If you want to make these brownies, you’d better be ready to whip the daylight out of some eggs. You don’t scramble the eggs here. You create the entire structure of the dish. Eggs are magic and can do anything if you treat them with respect. The first time I made these brownies, I threw the eggs in the blender, I left for several minutes and poured myself a glass of wine. This remains my suggested method.

Likewise, pay attention to the imperative to measure the Nutella and not just stick your jar – with the remains of its metallic inner lid until it clings to its mouth – directly in the microwave. A kitchen fire is never a good idea, but it would be particularly unfortunate to destroy your microwave and have to call the fire department now, right? Take the extra 15 seconds. Dirty another cup. Keep your fire extinguished unused another day.

Although the formula is the same no matter where you look for the two-ingredient Nutella recipe, the name varies. It seems like a mini phenomenon from 2013. I found it described for the first time as a “flourless Nutella cake” in an article by Kirbie’s Cravings from March of the same year. As someone whose stallion is the enemy of River Cafe chocolate, I was naturally intrigued.

But it was the word “brownie” from an article in Tasty Kitchen a few days later that caught my eye. Brownies are for friends who are going through a snowy evening. Brownies are what you eat with children.
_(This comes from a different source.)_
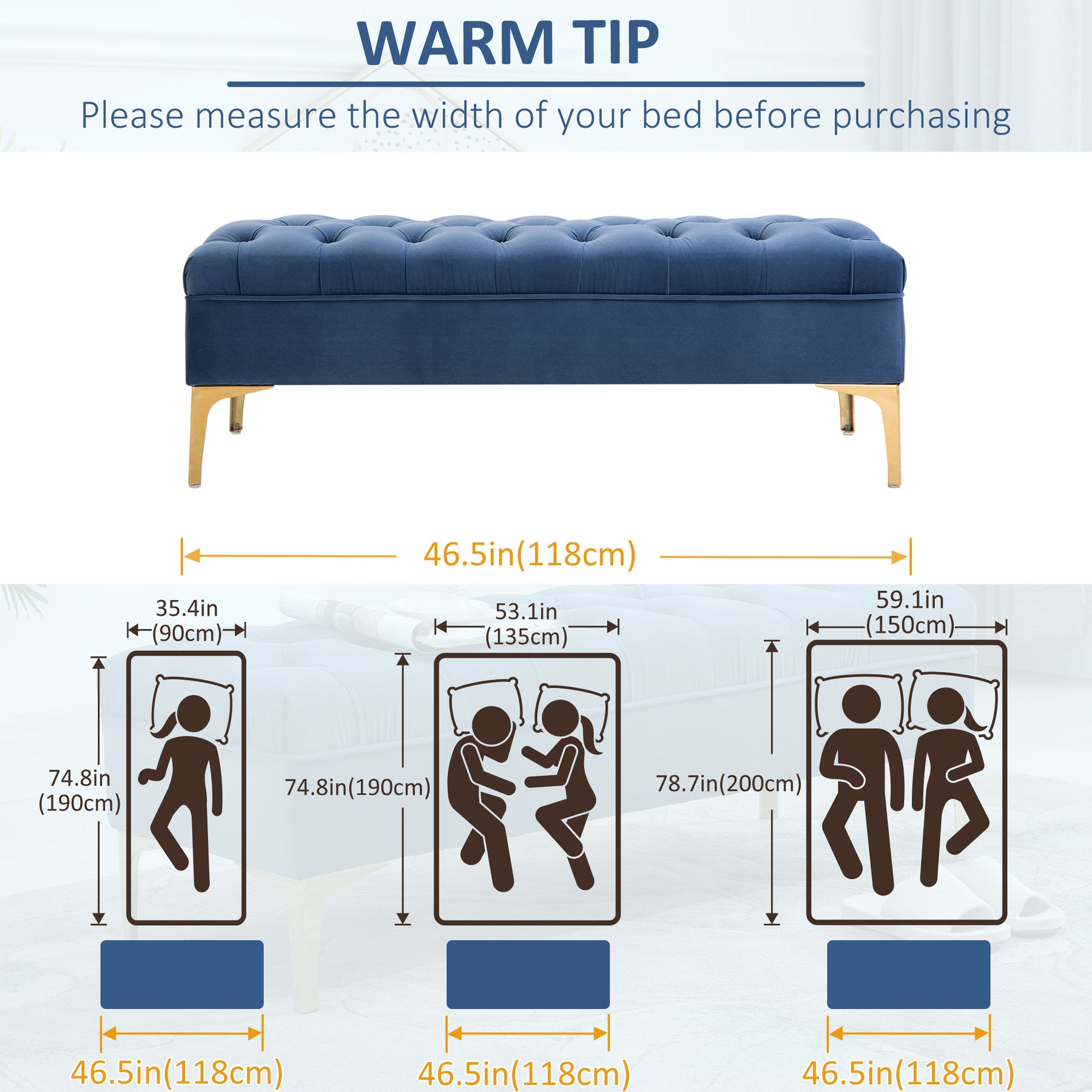 - • Seat Dimension: 46.5" W x 17.7" D (118 x 45 cm)

The brownies are the following meatballs.

If I had started and finished my research when I found the expression “chocolate omelet”, my guests would have left without dessert that evening. To be fair, YouTube’s still entertaining personality, Barry Lewis, covers all of his basics by calling it a “Nutella Brownie Cake” in his December 2013 video. He warns he’s going to “pimp it” with a few toppings , because he refuses “to show you how to make a chocolate omelet”.

But here’s the important thing: well done, it’s not a chocolate omelet, a tragic wrestling brownie. It is not a brownie that you stumble drunk in the kitchen and make because you have gone beyond your ease in choosing the ingredients. It’s a very good brownie. It’s a brownie that my friend most obsessed with Nutella inhaled, and then made no effort to refuse me when I offered him the leftovers. It’s a crackling crunchy treat that would be good enough for guests if you had any right now. Instead, let it be an entirely luxurious, almost effortless dessert, just for you. Right now, you deserve it.


Recipe: Nutella brownies

9 servings


  • 4 large eggs
  • 1 cup Nutella


  1. Preheat the oven to 350F. Line an 8-inch round or square pan with parchment if you have it, but don’t worry too much if you don’t have it. In both cases, generously grease the pan.
  2. Break the eggs in a larger bowl than you think.
  3. Whisk them for several minutes, until they are tripled in size and pale yellow. You can do this in a blender, blender or whisk. Do not stop until the eggs are really processed.
  4. During this time, measure the Nutella and the microwave for 20 seconds. Stir, then microwave another 20 seconds. It should be easy to stir.
  5. Gently fold 1/3 of the Nutella into the eggs, then repeat the process with the remaining thirds. You want to incorporate Nutella without losing the lightness of the eggs.
  6. Pour the dough into the pan and bake for 25 to 30 minutes.
  7. Let cool and remove from the mold. Garnish with a dusting of powdered sugar or enjoy plain.